Thriving on challenge: NICE’s dementia guidelines

Pages 535-538 | Published online: 09 Jan 2014

Britain’s National Institute for Health and Clinical Excellence (NICE) is no stranger to political controversy, but when in February 2005 it published a health technology appraisal (HTA) consultation document on the second-generation anti-Alzheimer drugs (donepezil, galantamine, rivastigmine and memantine) it may not have anticipated how dramatic the response would be.

The HTA committee’s recommendations were:

The cholinesterase inhibitors donepezil, rivastigmine and galantamine were no longer recommended for use in the treatment of mild-to-moderate Alzheimer’s disease.

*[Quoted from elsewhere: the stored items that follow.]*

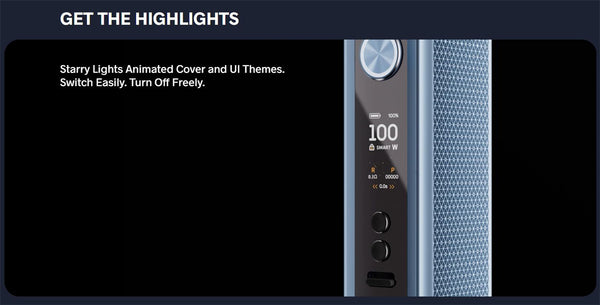 Create a unique atmosphere with different starlight animations and UI themes. Not just another box mod. It's a show maker.
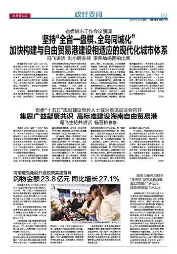 坚持“全省一盘棋、全岛同城化”加快构建与自由贸易港建设相适应的现代化城市体系
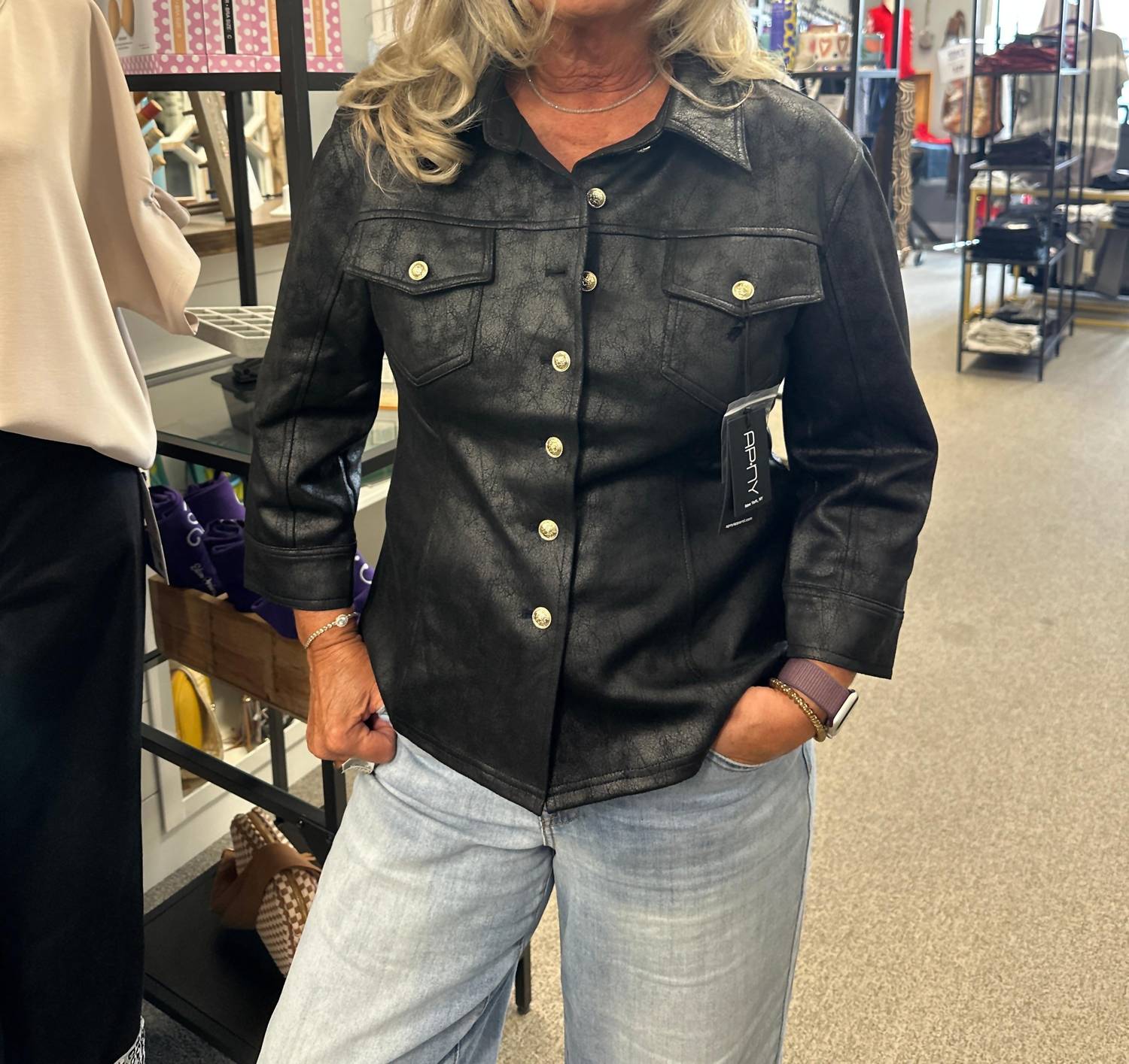 Introducing the APNY Vegan Shirt Jacket, an elegant piece in solid black designed to elevate your wardrobe with structure and sophistication. Crafted from 92% polyester and 8% spandex, this long sleeve jacket features a button closure with a V-neckline and shirt collar. The flap chest pockets add both style and practicality, while the straight hemline offers versatile styling options. Care: Hand wash and lay flat to dry.
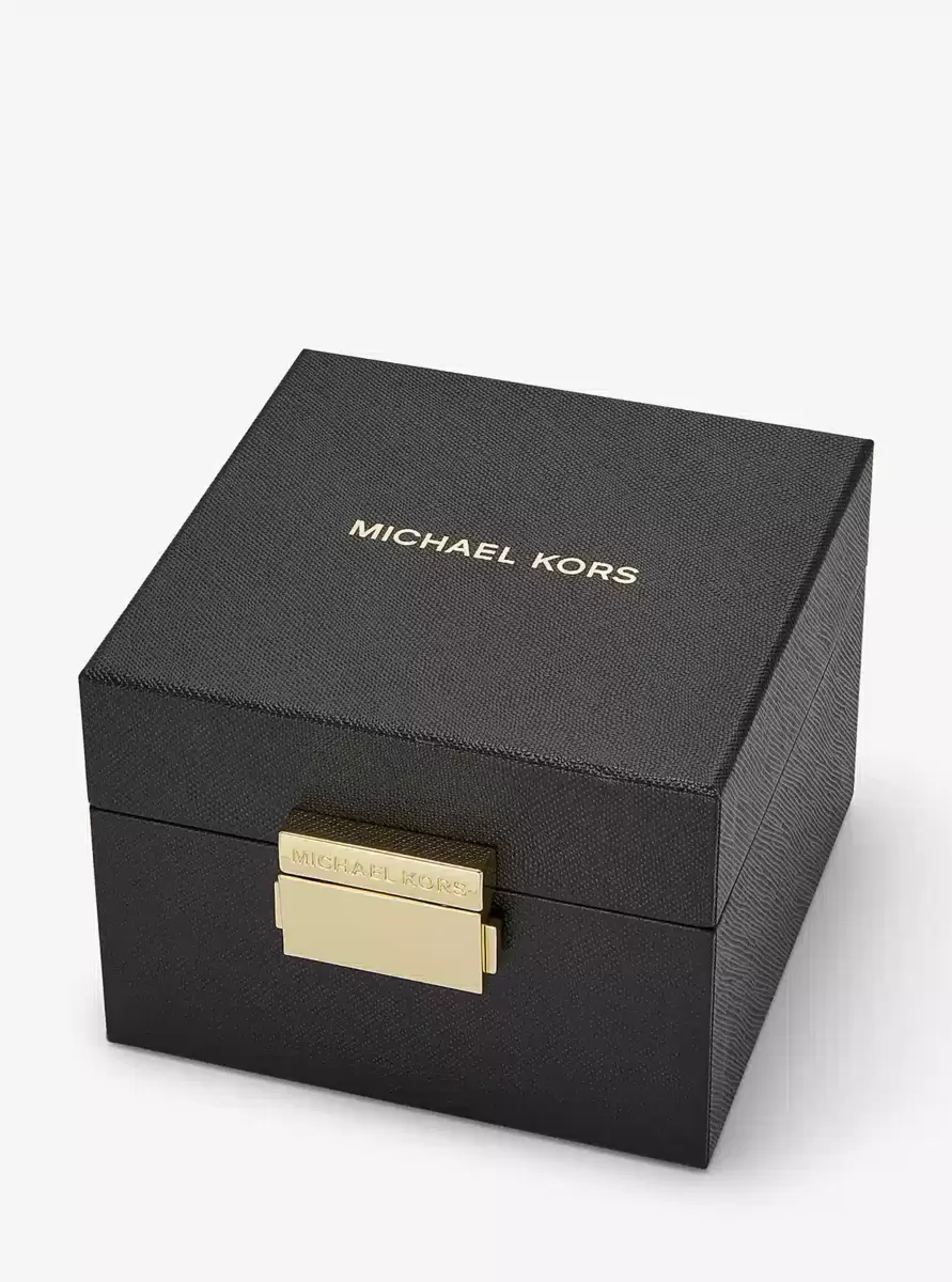 This pavé-encrusted three-piece set includes our petite Emery watch as the centerpiece alongside a chain-link bracelet and hoop earrings. The rose gold-tone timepiece features a rectangular face, beveled strap and Roman numeral indexes for a classic finish. Worn together, these pieces are simply dazzling.
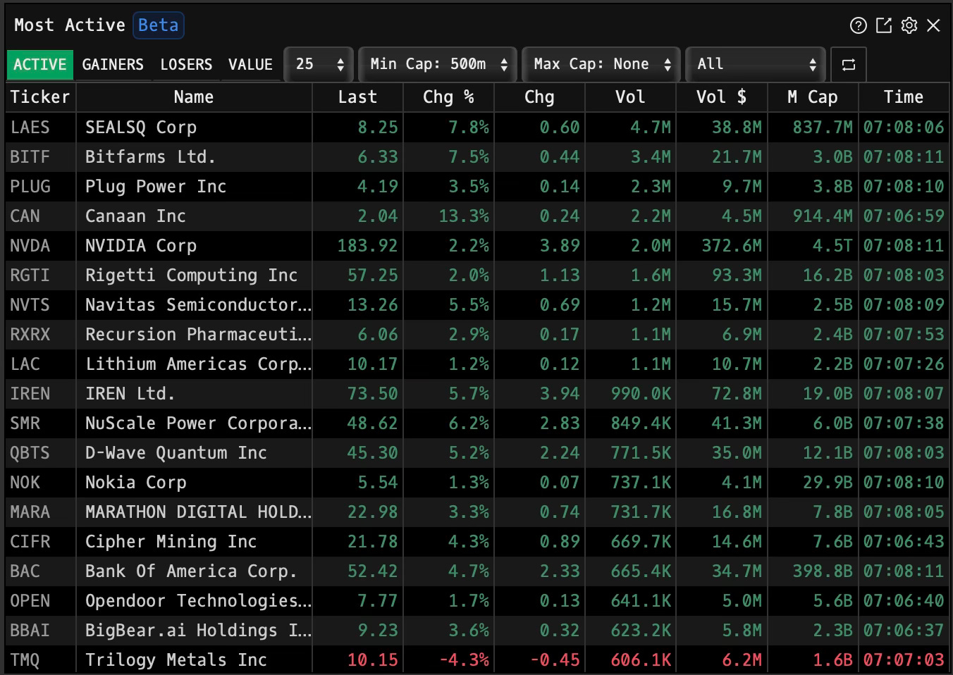 • QBTS 45.30 +5.2 % – sympathy; 47-c 11-Oct 1.00.
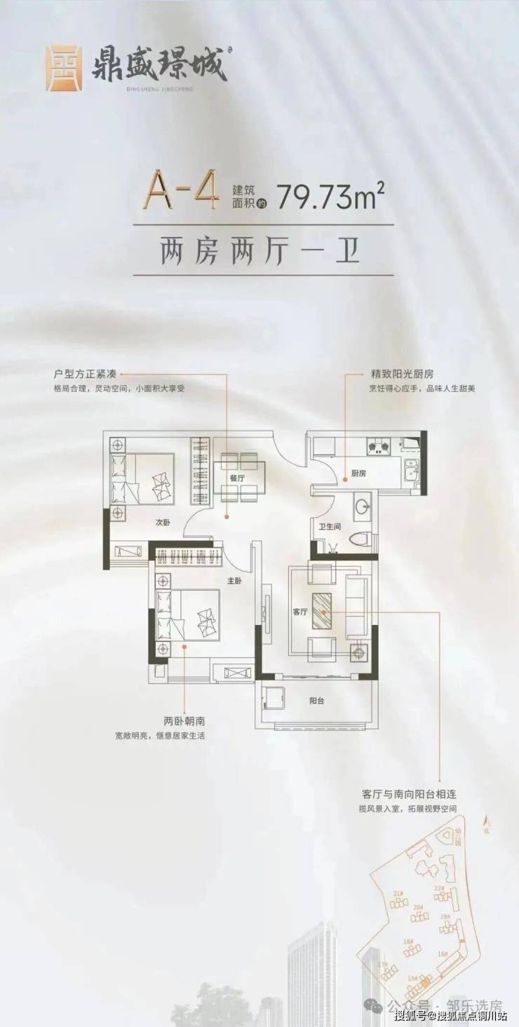 建面约79㎡ 两房两厅一卫:15号楼中间户,全朝南不通透,这个户型的优势是户型面积小,总价、首付、月供都很低。
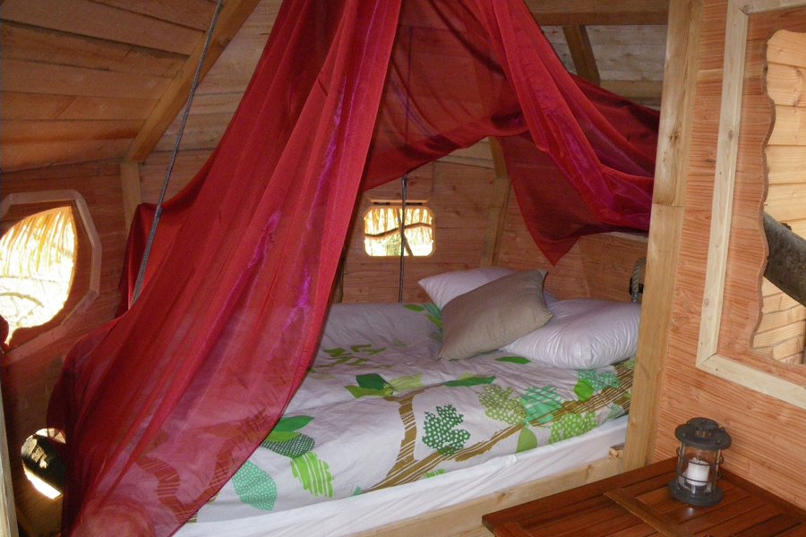 Cabane BerceauLa cabane du "Berceau" est destiné aux véritables aventuriers en quête de sensations, pour y accéder, un parcours sportif « exotique » vous attend : escalier-cocotier, pont de singe vertigineux et échelle de papou.

The NMDA agonist memantine was not recommended for the treatment of moderately severe-to-severe Alzheimer’s, except in research studies.

People currently receiving these drugs could continue this therapy, until it is considered appropriate to stop.

In other words, medication that had formerly been endorsed by NICE in 2001, and widely welcomed by professionals and carers’ organizations, would no longer be available through the National Health Service (NHS). The HTA committee argued that these drugs were not cost effective Citation[1]. According to the HTA committee’s economic analysis, preventing prescribing for new patients could save £15 million from the expected growth in drug budgets in the first year after stopping prescribing, £45 million in the second year and £60 million in the third.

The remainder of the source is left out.